2. Aux termes de l'article L. 521-2 du code de justice administrative : " Saisi d'une demande en ce sens justifiée par l'urgence, le juge des référés peut ordonner toutes mesures nécessaires à la sauvegarde d'une liberté fondamentale à laquelle une personne morale de droit public ou un organisme de droit privé chargé de la gestion d'un service public aurait porté, dans l'exercice d'un de ses pouvoirs, une atteinte grave et manifestement illégale. Le juge des référés se prononce dans un délai de quarante-huit heures ". Aux termes de l'article L. 522-3 du même code : " Lorsque la demande ne présente pas un caractère d'urgence ou lorsqu'il apparaît manifeste, au vu de la demande, que celle-ci ne relève pas de la compétence de la juridiction administrative, qu'elle est irrecevable ou qu'elle est mal fondée, le juge des référés peut la rejeter par une ordonnance motivée sans qu'il y ait lieu d'appliquer les deux premiers alinéas de l'article L. 522-1 ". Enfin, aux termes de l'article R. 522-8-1 de ce même code : " Par dérogation aux dispositions du titre V du livre III du présent code, le juge des référés qui entend décliner la compétence de la juridiction rejette les conclusions dont il est saisi par voie d'ordonnance ".

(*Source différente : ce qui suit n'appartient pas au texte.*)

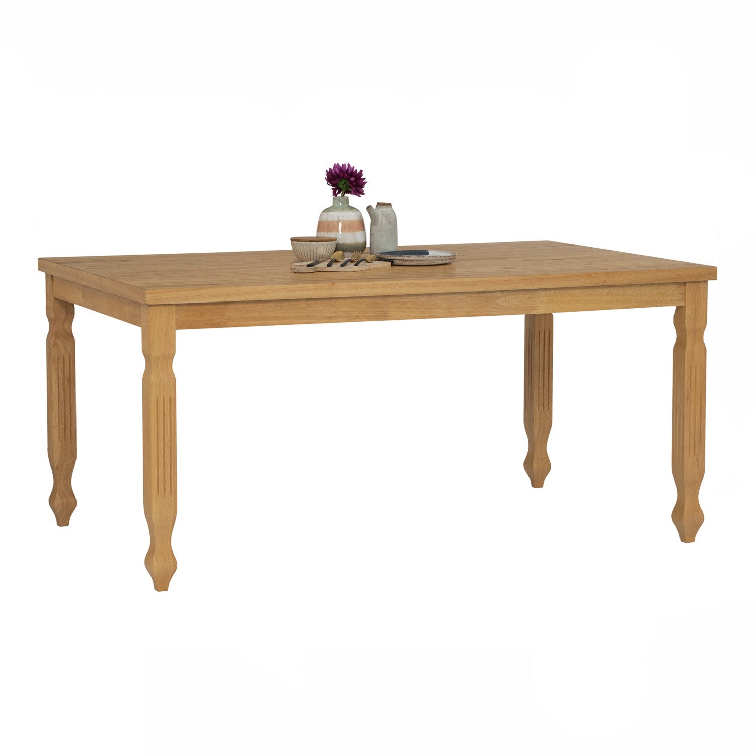 The TREVON Dining Table combines sturdy solid wood legs with a durable MDF and veneer top in a warm natural finish. The solid wood construction ensures stability and longevity, while the veneer top resists daily wear and maintains its elegant appearance. Perfect for modern dining spaces that demand both style and practicality.

3. Lorsqu'un requérant fonde son action non sur la procédure de suspension régie par l'article L. 521-1 du code de justice administrative mais sur la procédure de protection particulière instituée par l'article L. 521-2 précité de ce code, il lui appartient de justifier de circonstances caractérisant une situation d'urgence qui implique, sous réserve que les autres conditions posées par l'article L. 521-2 soient remplies, qu'une mesure visant à sauvegarder une liberté fondamentale doive être prise dans les quarante-huit heures. L'urgence doit s'apprécier objectivement et globalement. Enfin, la condition d'urgence s'apprécie à la date de la présente ordonnance.

4. Il résulte de l'instruction que le récépissé de demande de titre de séjour de

Mme A B a expiré le 16 décembre 2024 et qu'elle a saisi le juge des référés sur le fondement de l'article L. 521-2 du code de justice administrative le 27 décembre 2024, soit onze jours après cette première date. La condition d'urgence, qui s'apprécie concrètement, n'est donc, en l'espèce, pas remplie.

5. Il résulte de ce qui précède que la requête de Mme A B doit être rejetée en toutes ses conclusions.

O R D O N N E :

Article 1er: La requête de Mme A B est rejetée.

Article 2 : La présente ordonnance sera notifiée à Mme C A B.

La juge des référés,

Signé : C. Issard

La République mande et ordonne au préfet du Val-de-Marne, en ce qui le concerne, ou à tous commissaires de justice à ce requis en ce qui concerne les voies de droit commun contre les parties privées, de pourvoir à l'exécution de la présente décision.